Watching the Super Bowl this year was one of the most amazing games, in any sport, I have seen in many years. Yes, the Patriots won, much to my chagrin, however anyone that appreciates sports and competition would have to bow their heads at the incredible feat the Patriots put on in coming from behind to win 34-28. After the win, we were at our favorite pub reviewing the day’s activities and the scoreboard results. What struck me as odd when seeing the results posted, is that it did not reflect the nature and brilliance of what just happened. In fact, anyone who missed the game and relied on seeing the results posted would most likely have thought it was close, but nothing particularly special. What I really would like to have showed them was a scorecard that clearly showed the epic nature of the game. Something like a balanced scorecard for business clients.
This got me thinking about the results we choose to show when we build analytics for companies and the metrics we show for a balanced scorecard.
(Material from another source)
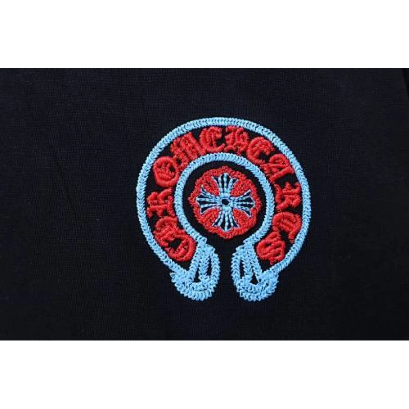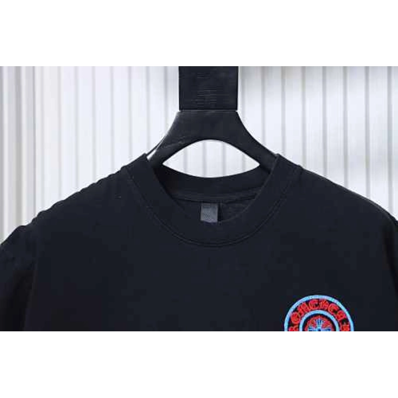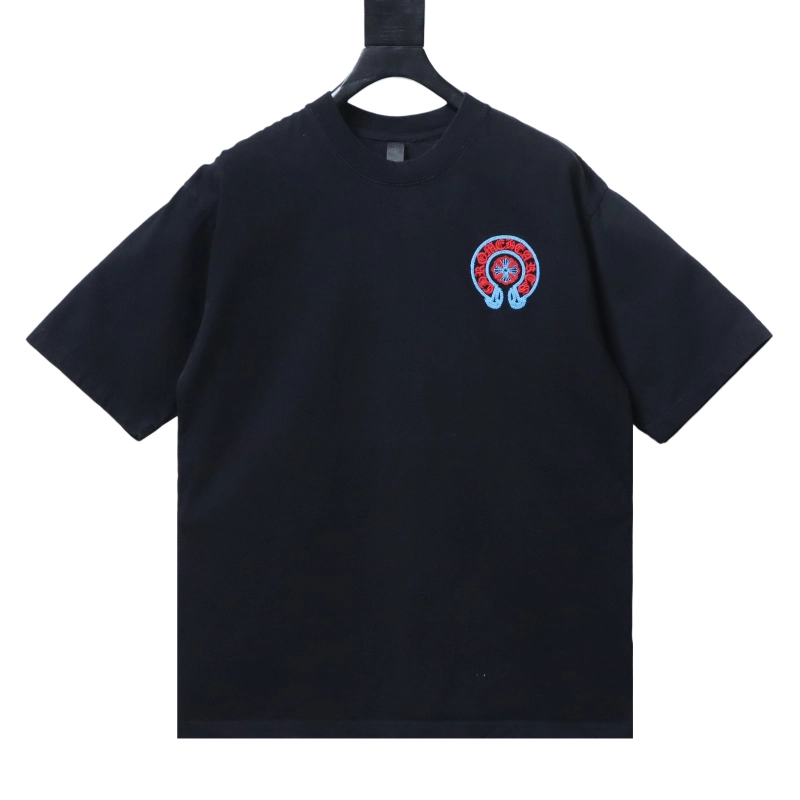 Chrome Hearts Blue-Trim Horseshoe Cross T-Shirt Black ; CHS105

Unlike the sports scorecard, we have evolved our balanced scorecard to show a much different understanding of current and future states. I wondered, how can we take this knowledge and apply it to the sports arena? Why do we have to look at the same visual descriptions of the game, when in fact it does not “Tell the Story”?
According to the Balanced Scorecard Institute, there are four pillars to address when developing a visual that gives the reader a good attack plan and marching orders to act on them. Its main purpose is for the reader to interpret the results to clarify their vision and strategy. This leads to an innovative action plan to work with your customer that you would not have otherwise thought of. Those pillars are:
- The Learning and Growth Perspective: Corporate culture and self-improvement. What areas can we highlight where this has made a significant impact on the results of the game? Who are the needle movers on the field and why? Do we have a Learning and Growth Meter for the team?
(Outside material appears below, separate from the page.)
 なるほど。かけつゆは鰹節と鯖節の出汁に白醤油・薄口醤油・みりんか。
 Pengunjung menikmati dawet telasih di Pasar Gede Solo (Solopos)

- The Business Perspective: How is the business running? Why are the Patriots so successful off the field? Do we have a metric we can look at that gives us a “definition of the team as a Business”?
- The Customer Perspective: Customer focus and satisfaction. Is there a metric that we can look at that shows us why the Patriots never lose at home? Does the fan base have something to do with that? What do the customers (fans) bring to the game that influences the results? Do they cheer louder than at other stadiums? Do the Patriots feel more inspired by Boston fans?
- The Financial Perspective: Why do the Patriot’s continue to attract top talent and pay them less than other teams? What factor does money have on the team? Does the customer perspective influence the financial perspective in such a way that money funnels in from other sources, like sponsorship. If so, is this what makes them greater than the other team and thus more top players go to New England, salaries are lower, and more money is available under the salary cap?
These pillars can help us understand why the game was something of a legend, that will go down in history and the epic comeback might begin to make sense. How did they do it? Along with these elements, a balanced scorecard for this game could have included the amazing game day statistics to help us put it visually in perspective.
(Excerpt: 15 crazy statistics from the Super Bowl (Jeva Lange): http://theweek.com/articles/678304/15-crazy-stats-from-super-bowl
- The Patriots came back from a record 25-point deficit to win the Super Bowl. Before that, the largest comeback in Super Bowl history was 10 points. [ESPN]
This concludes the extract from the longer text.